Un día me atreví a acercarme un poco más y pude distinguir
mejor su rostro. Era guapo a rabiar, con unos ojos increíblemente
negros, profundos y unas incipientes canas que comenzaban a platear
prematuramente sus sienes dándole un estilo de lo más interesante.
Estaba claro, no podía ser de otra manera, era la envoltura perfecta
para la voz profunda que me tenía enamorada. No tenía más que
hacer que pillarle hablando con alguien para confirmar mis sospechas,
aunque en realidad casi no hacía falta, pues ninguno de los hombres
que entraban o salían del edificio merecía ser poseedor de
semejantes cuerdas vocales.
Una tarde llené mi ego de una valentía que estaba muy distante de
sentir y en cuanto vi a mi hombre entrar en el edificio me acerqué
yo también. De lejos pude observar que hablaba con el portero.
Parecían charlar muy animadamente y, para mi completa satisfacción,
conforme me iba acercando mis oídos se iban deleitando con la
maravillosa voz que tanto me gustaba. No me había equivocado, había
identificado acertadamente al chico de mis sueños....¿o no? Pues
no. Para mi sorpresa, cuando por fin estuve lo suficientemente cerca,
pude comprobar que el que hablaba armoniosamente....¡era el portero!
Un hombre bajito y calvo, con una barriga cervecera más que
incipiente, los ojos de sapo, la nariz colorada y la sonrisa con unas
cuantas piezas dentales de menos, vamos, todo un dechado de belleza.
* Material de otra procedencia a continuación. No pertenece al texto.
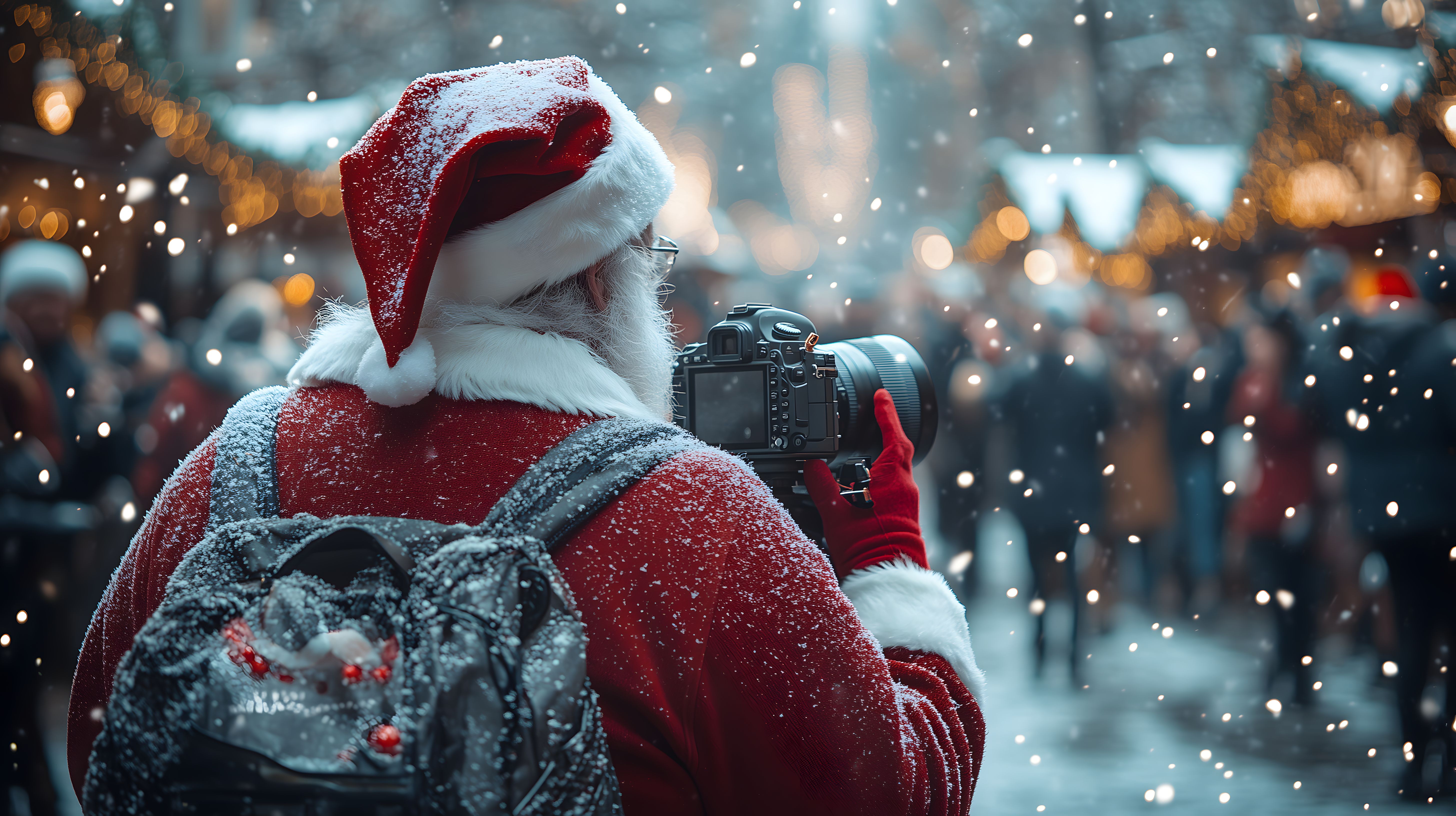 Das Foto zeigt einen Weihnachtsmann in voller Montur, der mit einer Kamera auf einem winterlichen Weihnachtsmarkt fotografiert. Der Weihnachtsmann trägt einen roten, schneebedeckten Mantel und Mütze und hält eine hochwertige Spiegelreflexkamera in den Händen. Im Hintergrund sind verschwommene Lichterketten und eine festliche Weihnachtsatmosphäre mit fallenden Schneeflocken zu sehen.
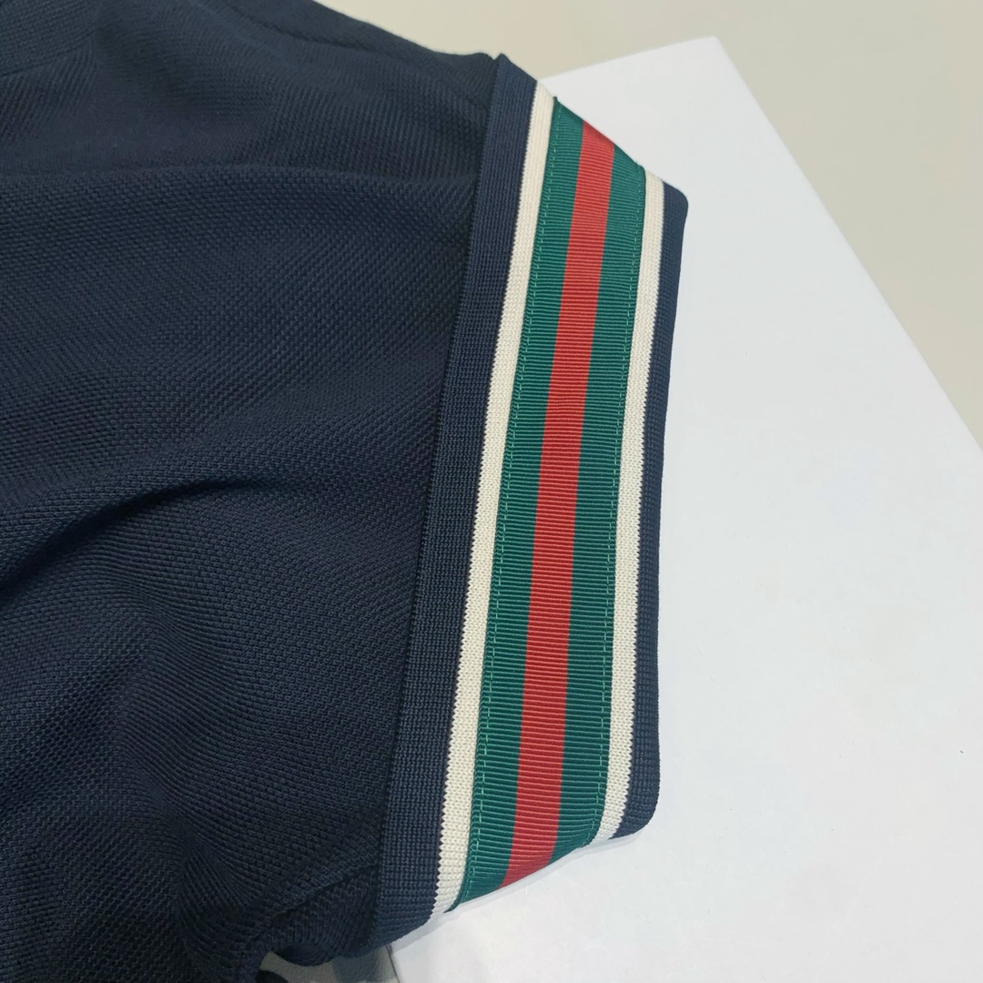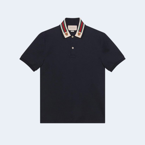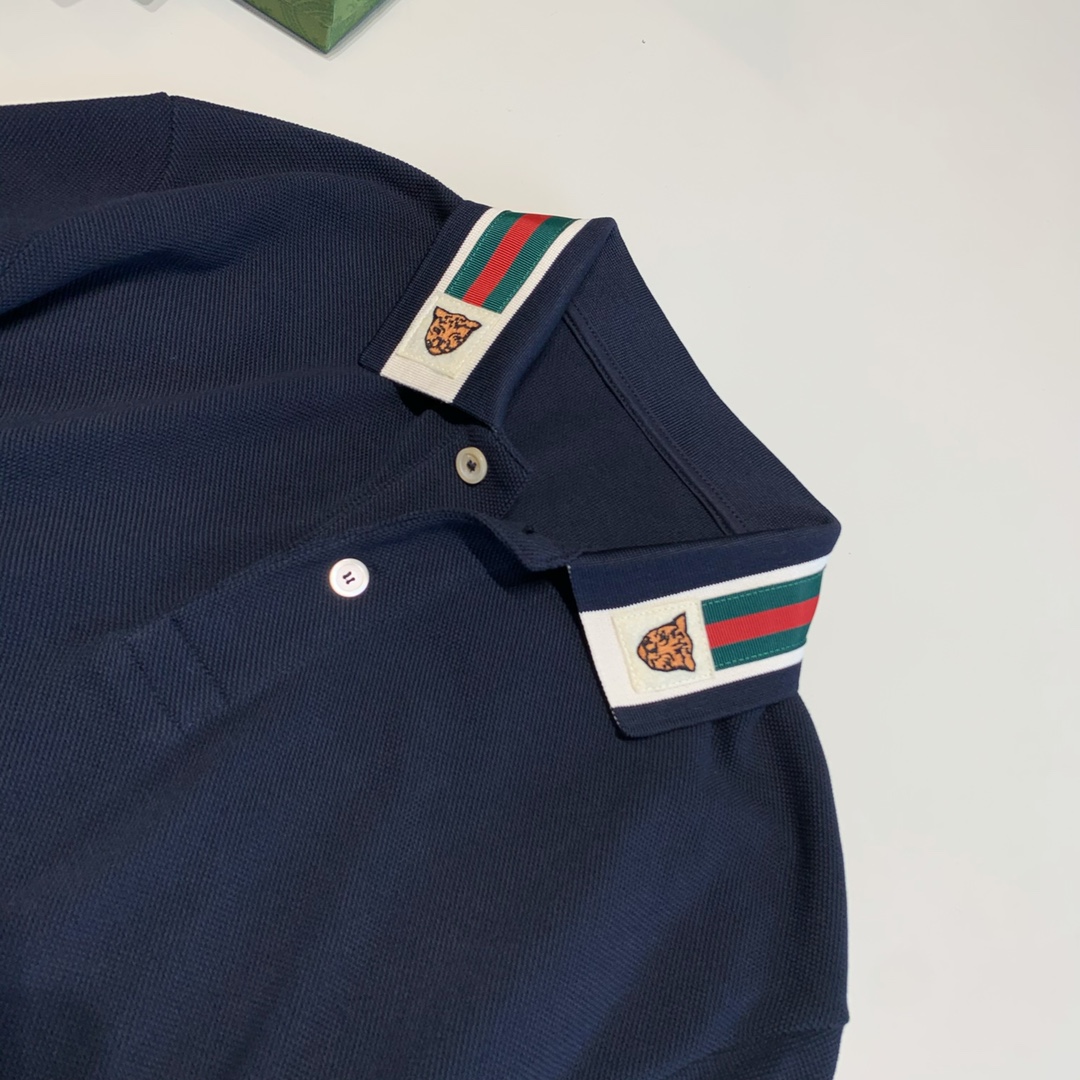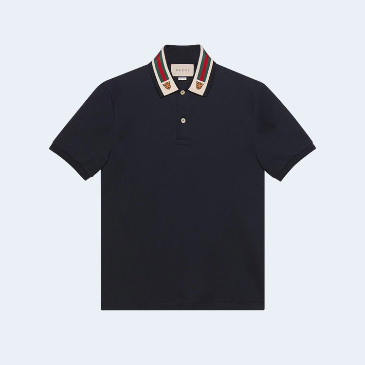 구찌 웹 앤 펠린 헤드 폴로 셔츠 네이비

Y mi muchachito guapo....tenía voz aflautada y hasta parecía un
poco tartamudo. La conversación que por casualidad les escuché fue
de lo más concluyente. El guapo le daba las gracias al feo por poner
su voz en el programa.
-Yo escribiendo guiones me defiendo, pero ante el micrófono no me
puedo poner. Te estoy muy agradecido Policarpo, el programa está
teniendo un gran éxito. Antes de irte pásate por mi despacho a
cobrar.
Tal fue el asombro que produjo en mí el reciente descubrimiento,
el cual, evidentemente, echó por tierra mis sueños y
elucubraciones, que me quedé mirando a los dos hombres como una
idiota, sin saber si echarme a llorar o a reír, hasta que el
guapísimo se dio la vuelta para seguir su camino y chocó con la
estatua de piedra en la que me había convertido consiguiendo tirarme
al suelo. Visiblemente azorado me ayudó a levantarme murmurando mil
disculpas y, para compensarme por su torpeza, se empeñó en
invitarme a un café. Por supuesto acepté, y con ese inocente café
la absurda historia que me había montado yo misma se terminó.
Policarpo el portero se quedó con su maravillosa voz y yo....yo me
quedé con una realidad mucho más agradable.